Hepatitis C drugs are not the only part of California’s troubling drug spending picture. Despite recent cost-cutting measures, such as putting tighter controls on which patients get coverage for which drugs and when, California’s spending on pharmaceuticals has gone up, and so has the number of pricey drugs it is covering. It’s not clear state agencies have the means to balance drug cost pressures in a way that serves the best interests of patients, taxpayers and public health.
“There are very few tools in our toolbox” to control pharmaceutical spending, said Diana Dooley, secretary of California’s Health and Human Services. She says high prescription drug costs are a problem across California’s public and private health insurance, and should be addressed on a national level.

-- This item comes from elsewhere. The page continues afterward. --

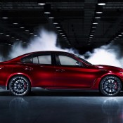 The Eau Rouge body work consists of extended wheel arches, carbon front spoiler which joins hands with the carbon side skirts and the carbon rear diffuser to create a nice two-tone effect, and a larger deck lid spoiler. The highlight of the car’s design is the rear diffuser unit which is styled to mimic the back of a F1 car, complete with a F1-style LED light unit in the middle. The wheels on this car are 21-inch big and finished in a dark color to match the lower part of the body and contrast with the chromized red of the body.
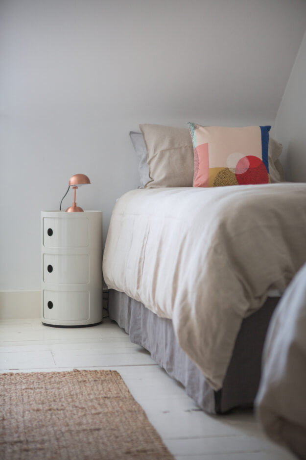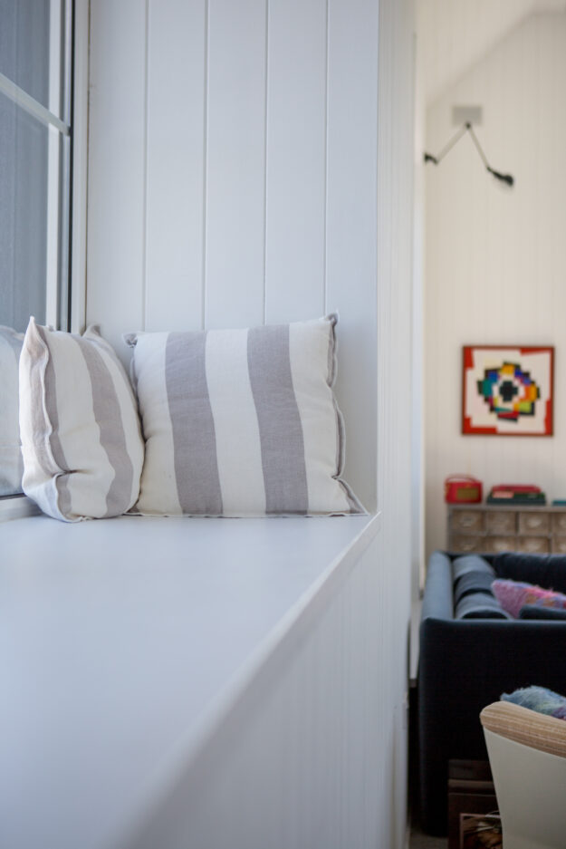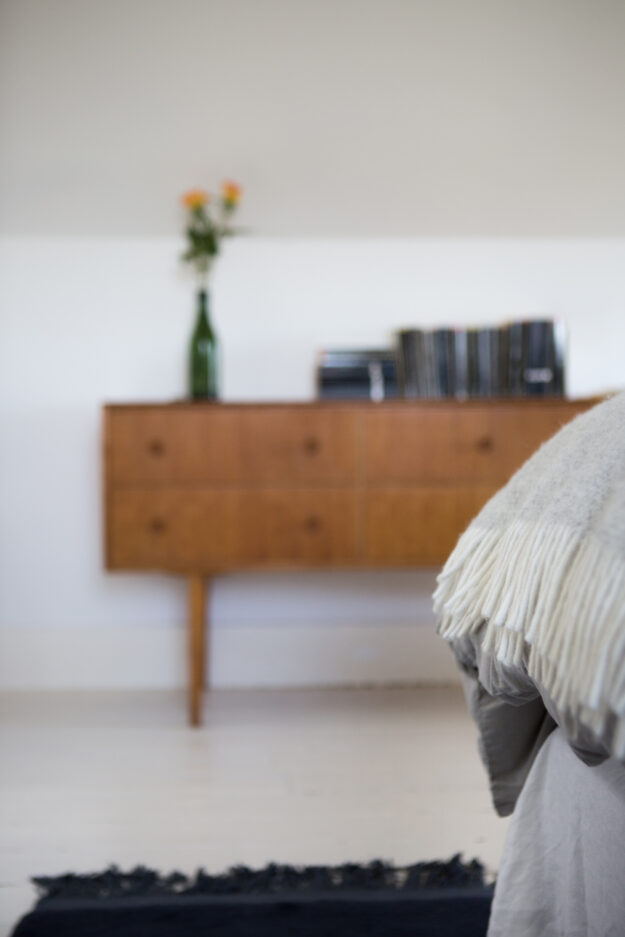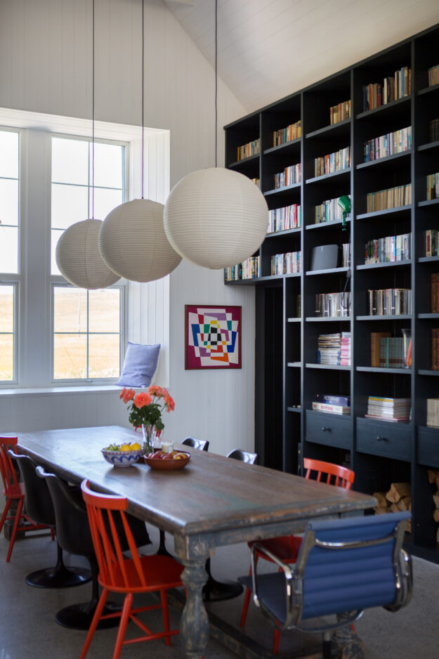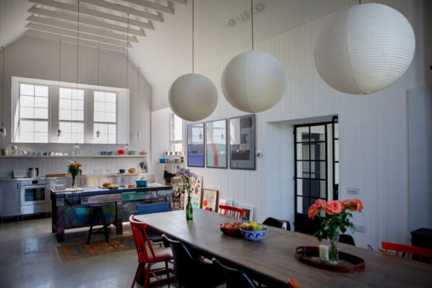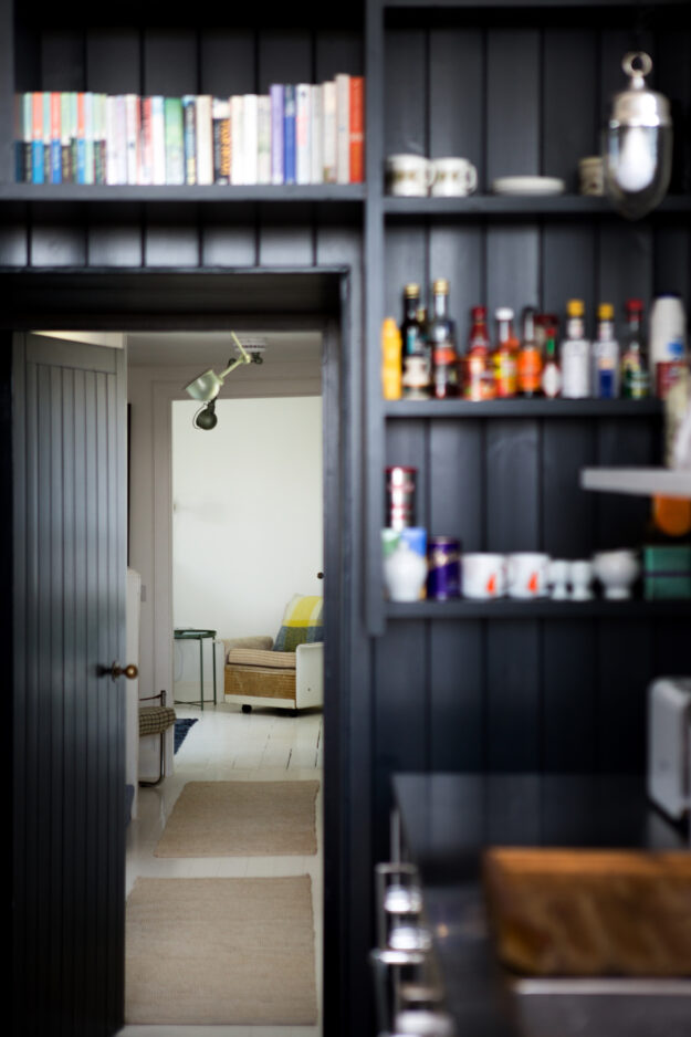 The interior finishes have been carefully selected to reflect the building’s former life as a school and its coastal location, whilst also channeling elements of mid-century Scandinavian design. Polished concrete floors, painted tongue and groove walls and Crittall panels set the tone of the old schoolrooms; while whitewashed floorboards, antique radiators and sash windows frame the simple seaside aesthetic of the former cottage. Throughout the house, vintage and salvaged pieces has been chosen to best compliment each of these style

Dooley’s agency convened a working group, called for in Gov. Jerry Brown’s January 2015 budget proposal, “to address the state’s approach regarding high‑cost drug utilization policies and payment structures.” High-level discussions continue behind closed doors.
Drug price concerns will also be a matter of public policy debate this year. California voters are expected to decide in November on a measure to put a ceiling on what the state pays for drugs, and lawmakers have proposed drug price transparency requirements on pharmaceutical manufacturers and health insurers.
“We all have to do everything we can to try to control these drug costs,” Dooley said.
A CALmatters analysis found that state prisons, a California public pension system, and a subset of the Medi-Cal program spent $600 million more on pharmaceuticals in 2014 than in 2012. That does not include the Medi-Cal population in a health plan, nor does it account for discounts the state may have received from drugmakers.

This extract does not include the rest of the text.